The fact that it still takes minutes to precompute the spike trains for a USS after precomputing the spike trains for the KiloSortSortingExtractor (ie all units) is conspicuous. You're asking for a subset of the trains you already precomputed -- it should be instant!
The best way to get spike trains before was to bypass the cache so you could bypass the spike vector computation, but because of bugs you couldn't do this from a USS, or if you wanted to return times in seconds (without accessing private properties like ._parent_segment).
The new get_spike_trains() takes advantage of the fact that if you know you will get all spike trains, you can again take advantage of the full flat (sorted) arrays and just scatter them. Basically, to get spike trains, you don't have to figure out if two spikes from different units occur on the same sample, which you do need to know for the spike vector. In fact, it's so much cheaper that even if you only want ~20 spike trains, it's better to just get them all and discard the ones you aren't interested in...
You could probably apply these same principles to get gains for other extractors besides the Phy/KiloSort ones.

There are rough edges with this PR I know about:

Alessio and Samuel pointed out that the BasePhyKilosortSortingExtractor is never multi-segment, so I can remove a loop over segments and save a possibly expensive call to np.concatenate(). UPDATE 4/7: Fixed.
When translating my prototype numba and numpy versions of get_spike_trains() to the production versions, I made some minor changes to fit function signatures and style that I thought would be harmless, but apparently they add ~20s to the numba implementation and 30s to the numpy one. This is pretty significant, as it took the numba path from 11s to 35s. I need to go back and figure out why the effect of these seemingly small changes was so dramatic. UPDATE 4/7: Solved, but not committed. See below.

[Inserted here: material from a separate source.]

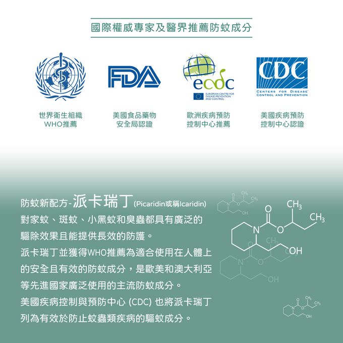 20% Icaridin (埃卡瑞丁),別名Picaridin (派卡瑞丁/避卡納叮)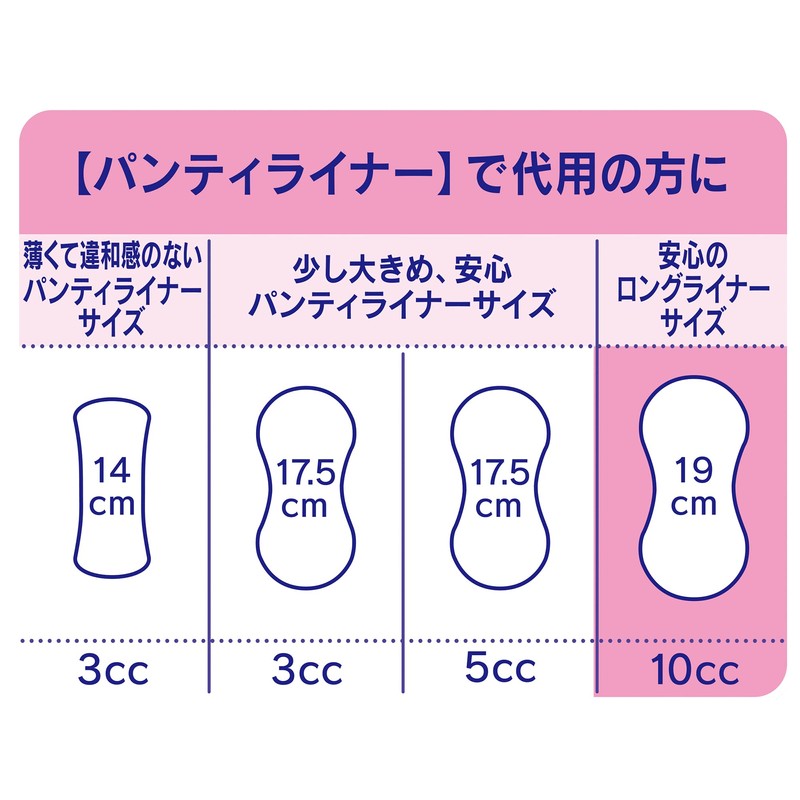 - Absorption: 0.3 fl oz (10 cc); Length: 7.5 inches (19 cm); Size Guide: Long panty liner size

Another question I haven't resolved:

Why is building the spike vector so costly the first place, even using my new more efficient method for 1-shot'ing it from the full flat arrays? It just feels like there should be a better way. As Samuel pointed out, it's 1 big malloc as opposed to K (K = units) mallocs for a dictionary of trains. I don't think I'm just creating views onto the underlying flat arrays... so what gives? Is it really all in the O(N log N) lexsort, and the need to allocate a lot of space for the segment indices? UPDATE 4/7: Probably solved, but not committed. See below.

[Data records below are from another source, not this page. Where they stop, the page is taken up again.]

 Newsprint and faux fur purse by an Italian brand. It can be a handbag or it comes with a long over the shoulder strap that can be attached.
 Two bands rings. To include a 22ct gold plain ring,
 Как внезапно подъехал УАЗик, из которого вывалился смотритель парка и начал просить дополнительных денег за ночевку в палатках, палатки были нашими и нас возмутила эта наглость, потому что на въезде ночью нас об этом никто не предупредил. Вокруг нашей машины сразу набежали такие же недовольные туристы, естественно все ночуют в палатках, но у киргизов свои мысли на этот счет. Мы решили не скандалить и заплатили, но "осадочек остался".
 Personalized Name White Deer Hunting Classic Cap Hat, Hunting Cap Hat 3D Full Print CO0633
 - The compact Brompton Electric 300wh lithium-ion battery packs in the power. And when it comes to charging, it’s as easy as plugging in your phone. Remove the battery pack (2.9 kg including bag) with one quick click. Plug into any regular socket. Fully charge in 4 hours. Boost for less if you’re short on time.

chrishalcrow · 2026-04-17T08:01:19Z

+        if use_cache:
+            # TODO: speed things up
+            ordered_spike_vector, slices = self.to_reordered_spike_vector(
+                lexsort=("sample_index", "segment_index", "unit_index"),
+                return_order=False,
+                return_slices=True,
+            )
+            unit_indices = self.ids_to_indices(unit_ids)
+            spike_trains = {}
+            for unit_index, unit_id in zip(unit_indices, unit_ids):
+                sl0, sl1 = slices[unit_index, segment_index, :]
+                spikes = ordered_spike_vector[sl0:sl1]
+                spike_frames = spikes["sample_index"]
+                if start_frame is not None:
+                    start = np.searchsorted(spike_frames, start_frame)
+                    spike_frames = spike_frames[start:]
+                if end_frame is not None:
+                    end = np.searchsorted(spike_frames, end_frame)
+                    spike_frames = spike_frames[:end]
+                spike_trains[unit_id] = spike_frames
+        else:
+            spike_trains = segment.get_unit_spike_trains(
+                unit_ids=unit_ids, start_frame=start_frame, end_frame=end_frame
+            )


I think this is overkill, and should be replaced with something like

spike_trains = {unit_id: self.get_unit_spike_train(unit_id, start_frame=start_frame, end_frame=end_frame, use_cache=use_cache) for unit_id in unit_ids} return spike_trains

In my local testing, this gives the same speed results. The one thing gain is avoiding repeated time slicing, but I think it's a marginal gain for all this, fairly confusing, code. The spike train code is already fairly complex.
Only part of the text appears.